%%
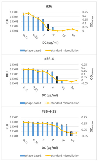 The accuracy of the phage-based AST was assessed by testing Y. pestis Kimberley53Δ70Δ10 derivates with various MIC values (representing different susceptible categories; Table 2; [16]) for DC or CIP (Table 1). DC was selected as a representative of protein synthesis inhibiting antibiotics (required a 7 h exposure period), and CIP was selected as a representative of DNA replication inhibiting antibiotics (requires 14 h of antibiotic exposure). Both antibiotics are recommended by the CDC for plague treatment. As shown in Figure 3, two of the derivatives with reduced susceptibility to DC resulted in the same MIC values as the standard microdilution test, while the phage-mediated MIC of the third derivative (#36-4-18) was twofold higher than the standard microdilution MIC; however, there was no change in its susceptible category, which was defined as resistant. Moreover, all three derivatives with reduced susceptibility to CIP resulted in the same MIC value as that obtained in simultaneous microdilution AST (Figure 4).
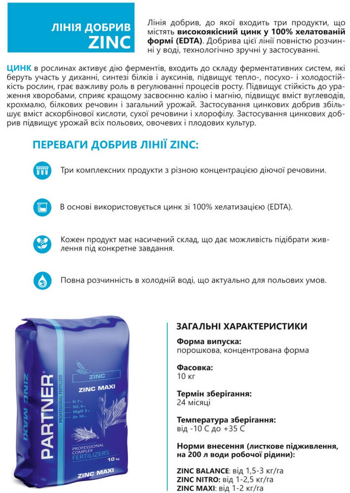 Линия удобрений ZINC - Линия удобрений, в которую входит три продукта, содержащие высококачественный цинк в 100% хелатированной форме (EDTA). Удобрения этой линии полностью растворимы в воде, технологически удобны в применении.
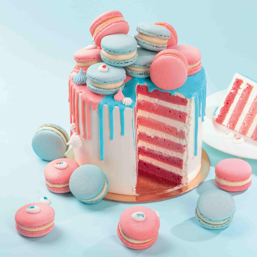 Представляем вам идею декорирования под названием "Gender party". На изображении вы можете увидеть торт и макаронс, окрашенные в яркие цвета из весенней коллекции 2022 года от Top Decor.
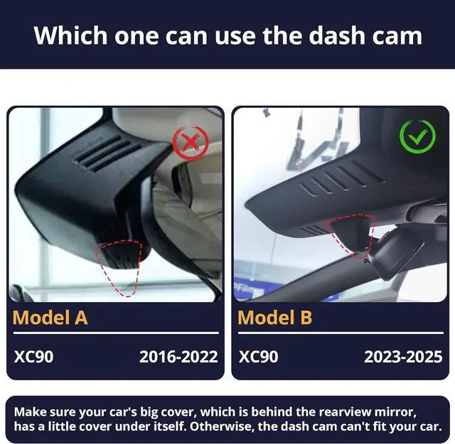 [OEM Style, Exclusively for XC90 2023-2026] The FUVYMYT 4K hidden car camera features an OEM-style design, exclusively customized for Volvo XC90 2023, 2024, 2025 and 2026 models. Please confirm the second picture carefully, the correct vehicle should have a little box behind the rearview mirror. If there is a big cover behind the rearview mirror, the dash cam can' t be installed in your car. Please purchase with caution.
%%
What you are asked to do:
The material above must be set down word for word, with no picture carried over.

Written answer:
 The accuracy of the phage-based AST was assessed by testing Y. pestis Kimberley53Δ70Δ10 derivates with various MIC values (representing different susceptible categories; Table 2; [16]) for DC or CIP (Table 1). DC was selected as a representative of protein synthesis inhibiting antibiotics (required a 7 h exposure period), and CIP was selected as a representative of DNA replication inhibiting antibiotics (requires 14 h of antibiotic exposure). Both antibiotics are recommended by the CDC for plague treatment. As shown in Figure 3, two of the derivatives with reduced susceptibility to DC resulted in the same MIC values as the standard microdilution test, while the phage-mediated MIC of the third derivative (#36-4-18) was twofold higher than the standard microdilution MIC; however, there was no change in its susceptible category, which was defined as resistant. Moreover, all three derivatives with reduced susceptibility to CIP resulted in the same MIC value as that obtained in simultaneous microdilution AST (Figure 4).
 Линия удобрений ZINC - Линия удобрений, в которую входит три продукта, содержащие высококачественный цинк в 100% хелатированной форме (EDTA). Удобрения этой линии полностью растворимы в воде, технологически удобны в применении.
 Представляем вам идею декорирования под названием "Gender party". На изображении вы можете увидеть торт и макаронс, окрашенные в яркие цвета из весенней коллекции 2022 года от Top Decor.
 [OEM Style, Exclusively for XC90 2023-2026] The FUVYMYT 4K hidden car camera features an OEM-style design, exclusively customized for Volvo XC90 2023, 2024, 2025 and 2026 models. Please confirm the second picture carefully, the correct vehicle should have a little box behind the rearview mirror. If there is a big cover behind the rearview mirror, the dash cam can' t be installed in your car. Please purchase with caution.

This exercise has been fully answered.